Millennials and corporate storytelling

Who are Millennials and why does it seem to be all about them?

The word ‘Millennials’ is used to identify the ‘young adults’ and, in particular, all those born between 1981 and 1995 (aged 21-35). Today they represent 24% of the global population, around a quarter, and definitely appear to be the most desirable, though elusive, target for brands.

These new adults have grown up side by side with modern technologies and it’s not rash to say they represent a sort of ‘bridge generation’ between the old and the new way the world communicates, having fully experienced both ages, before and after the web 2.0 revolution.

The We, More and Now generation

Millennials have some unique features compared to their parents: not only have they a strong social aptitude but they are also particularly interested in buying online, a sharing economy and healthy food habits.

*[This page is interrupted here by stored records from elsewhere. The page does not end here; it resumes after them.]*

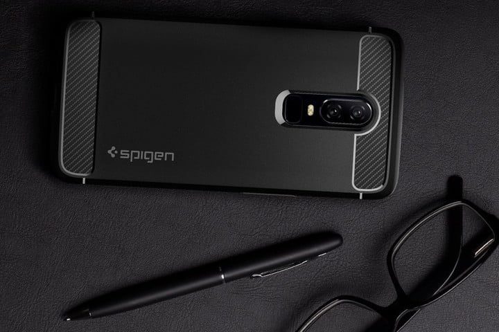 Spigen ha dado un estilo ejecutivo a este típico estuche de TPU al agregar paneles de fibra de carbono en la parte posterior y algunos reflejos brillantes para romper el acabado negro mate. Tiene protectores de aire en las esquinas, un labio elevado alrededor de la pantalla y un patrón de telaraña en su interior, diseñado para proteger tu OnePlus 6 en caso de caídas. También encontrarás aberturas perfectamente cortadas para los puertos, la cámara y otras funciones, junto con cubiertas de botones táctiles, incluida una cubierta del botón de encendido con textura.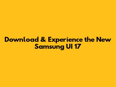 Download & Experience The New Samsung UI 17
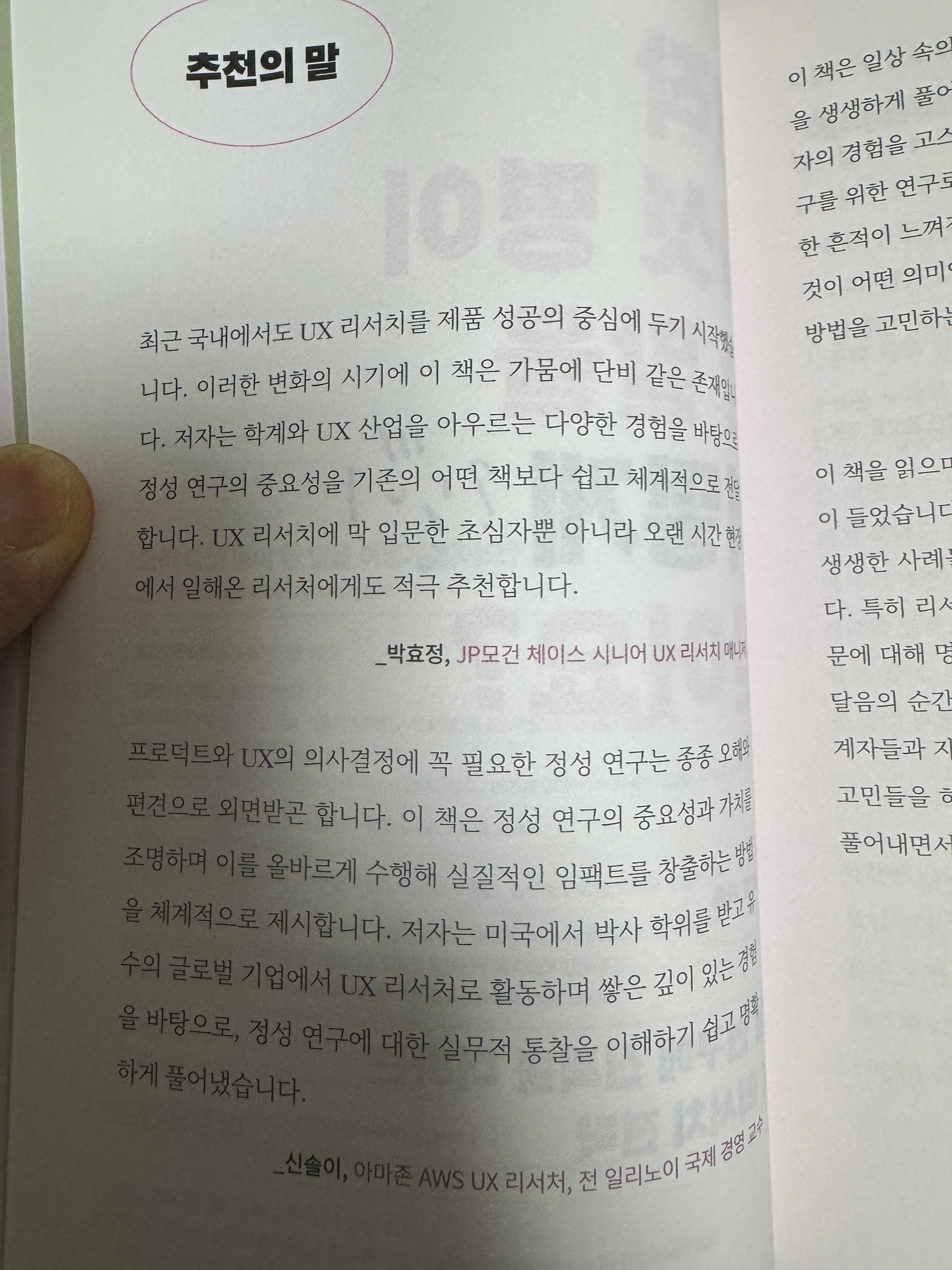 그리고 화려한 커리어에 맞게 추천의 말 써주신 분들을 보면 다 우리가 아는 대기업들의 UX 리서처들의 추천을 받았다. 이것도 능력이라고 본다.

Also called the Y generation (as opposed to their parents’ X generation), a recent Nielsen research has labelled Millennials as “the We, More and Now generation”. Basically this means they value both social and community concepts and they want better and more innovative products, instantly.

Sounds like an impossible challenge for brands? Well, yes and no. It definitely means marketers need to aim for quality when communicating, instead of quantity. Millennials are more aware and critical consumers but they also are a more interactive and engaged audience and communicate through several different channels.

Y generation members love authenticity and appreciate brand storytelling (80% of them, according to the Nielsen study). These young customers have ethical ideals. Smart brands can utilise this as an opportunity to show off their own values and tell their story in an authentic and genuine way.

Whether it is with a Snapchat picture, a tweet or an Instagram video, Millennials like brands that tell their story with transparency and involvement. This unveils their human side and gets them closer to the potentially lucrative Y generation.

Some examples of great storytellers

A great example of this comes from P&G’s “Thank you, Mom” campaign, carried out by the brand for many years and used at every Olympic games. Procter & Gamble presents itself as “proud sponsor of moms” in the campaign, leveraging a genuine human touch to find their way into our emotions.

Google, once again, gives us a further demonstration of how good marketing can be used to convey brand essence and values by simply leveraging people’s experiences. Big G created a viral video in 2013, called “Google Search: Reunion”, telling the story of two old childhood friends that finally met again thanks to the help of their grandchildren and Google’s search engine.

Last but not least, Ikea. Always a great storyteller, the Swedish brand has found a new way to get into its customers’ homes, thanks to an innovative app that uses VR to let you envision how its furniture pieces really look in your living room. Also, the app offers a variety of recipes, photo galleries and videos to inspire your creative moments.

And you don’t need the print catalogue anymore.

In conclusion…

Corporate storytelling is the most effective way to engage young customers. Millennials’ identities are social, in constant evolution and open to influence. Brands that tell good authentic stories about themselves will be able to trigger an emotional response and create an involvement that will ultimately drive the people’s choice.

Great rewards come to great stories!